Of course, I write all this now. On a calm Thursday afternoon, in the slight state of delirium that comes from having had a heavy cold for a few days. Come the cold light of the 24th, I shall be screaming at a jam that won't set, a boyfriend that hasn't secured the tree properly and a me that put so much pressure on myself. Presents will still need to be wrapped and someone I've forgotten will deliver a card. 

By midnight, I shall be 4 sherries to the bad, covered in flour and parcel tape, collapsed on the floor next to the tree, watching The Nightmare Before Christmas while the Kid and N throw jelly babies at me. 

It's going to be Christmas. 


Thursday, October 7, 2021

How is it October?

I distinctly remember, as a child, moaning about how dreadfully long the days could be, a long drawn out whine of “I’m booooored”, especially if it was raining and the prospect of nothing but playing Monopoly with my sister was on the cards.

I still can’t play Monopoly without smelling Sunday lunch cooking in the background.

Of course, now as a grown assed adult, with my own house to maintain and lunches to make, I completely understand the bitter laugh that invariably came from an adult in the room. 

 

Days are simply not long enough any more. And it’s not all down to my Instagram habit. 

Anyway, here we are in my favourite month, despite it feeling that the start of September was only a blink away. Mornings are nippy, blankets are out and I have made 3 soups in the past 2 weeks.

Thank god I no long have to pretend that I’m perfectly happy with salad, thank you very much, could you pass the coleslaw and cheese, and the dressing and the other thing to smother it in. It is much easier to eat healthily in Autumn and Winter, I find. Soup needs no dressing and ice cream casts no spell when it’s cold outside. 

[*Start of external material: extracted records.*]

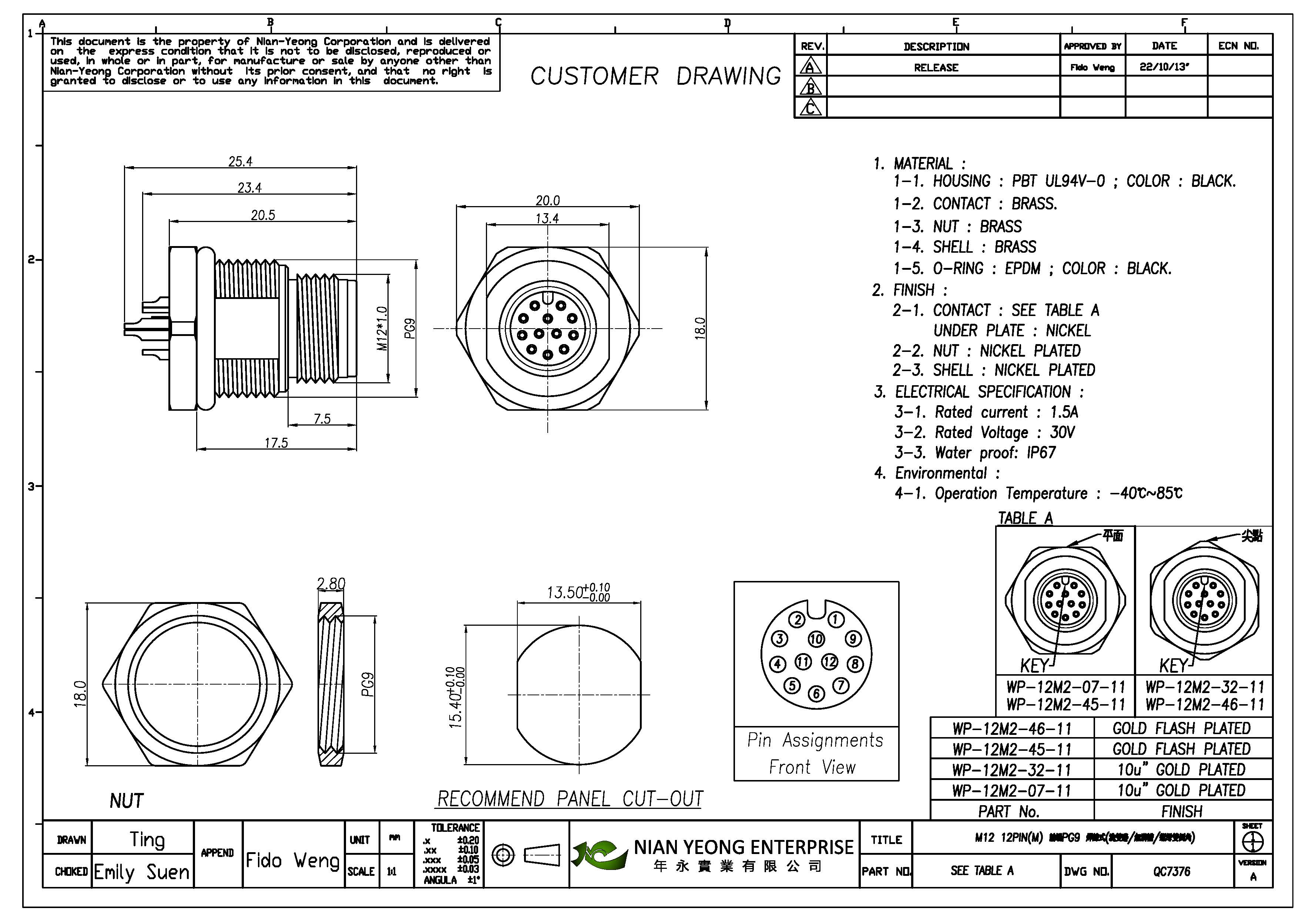 M12 公頭 12PIN A-Coded 前鎖焊線式防水連接器(Lock:PG9)/連接器
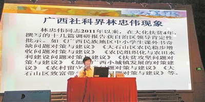 陈教授介绍,2008年至2012年,林忠伟连续4年担任广西社科院驻大化瑶族自治县新农村建设指导员,除了认真履行为贫困村建水柜、学校、村道、敬老院、村委办公楼等基础设施的工作职责外,按照自治区党委组织部要求当好村情民意调研员、政策法规宣传员、富民强村服务员、矛盾纠纷调解员、制度建设督导员“五员”,利用当指导员的有利时机,自费走访了该县36个贫困村,还踏遍了广西80多个县不计其数的贫困村。有时候,为了调研特定地区和案例,林忠伟还跑到广东,上山下乡,进村入户,走访众多的基层干部和群众家庭,获得真实详尽而丰富多样的第一手材料。从农村走出来的林忠伟深怀一颗回报农民的感恩之心,具有强烈的社会责任感。他一篇篇关注现实生活和饱含时代气息的咨政研究报告,一个个充满智慧和才气的见识与观点,都来自长期的扶贫工作实践,沾满泥土的芬芳。
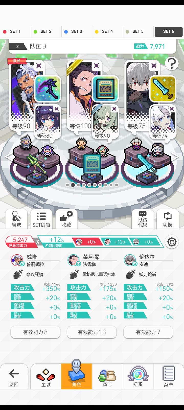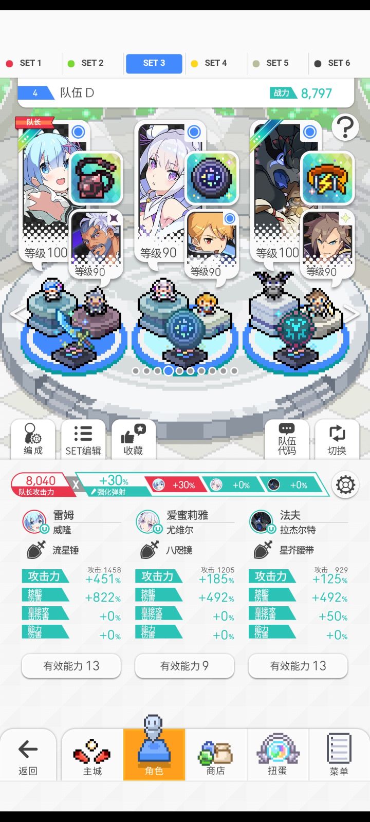 re0复刻入的坑,前三图是我目前凑出来的3套还能看的配队,想问问大佬们后续再提升是只有换装备跟突破等级了吗?二板目前主c都开了一点但是感觉后面的提升幅度不高,很好奇大佬们9位数的贡献都是怎么堆出来的,目前被ai带基本只能打2000多w贡献目前光队凑合配了个技伤的,看攻略好像我这能配光pf了,雷pf好像也可以,风队是真不知道怎么配,感觉整体伤害就挺孱弱的五星就这么多,四星半齐不齐的,求配队求指
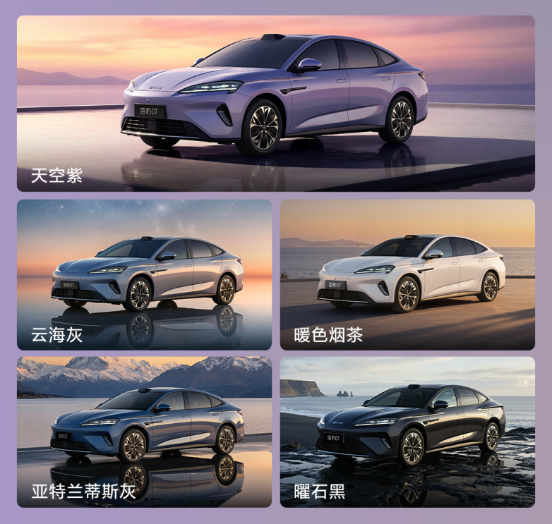 海豹07EV沿袭海洋美学设计,提供天空紫、云海灰、暖色烟茶、曜石黑、亚特兰蒂斯灰5款外观配色,让每一次出行都成为路上流动的风景。

If I could, I’d live in perpetual October with brief forays into June and July for birthdays. 

But enough fantasising about squash, ginger, coriander and lime soup with garlic flatbread to dip, back to the matter in hand: my disappearing September. 

Most of it went in work and the start of college (my return to education following a 27 year break), but we also had a trip to Surrey for a friend’s wedding. I have only been to Surrey once and can confirm that it’s roads are as badly surfaced now as they were 15 years ago. 

 
But we had a splendid time at the wedding which was nice. Even nicer (sorry Charlotte), was the church in Chaldon that a friend of mine had suggested we visit in the morning to see the Doom painting (second photo). 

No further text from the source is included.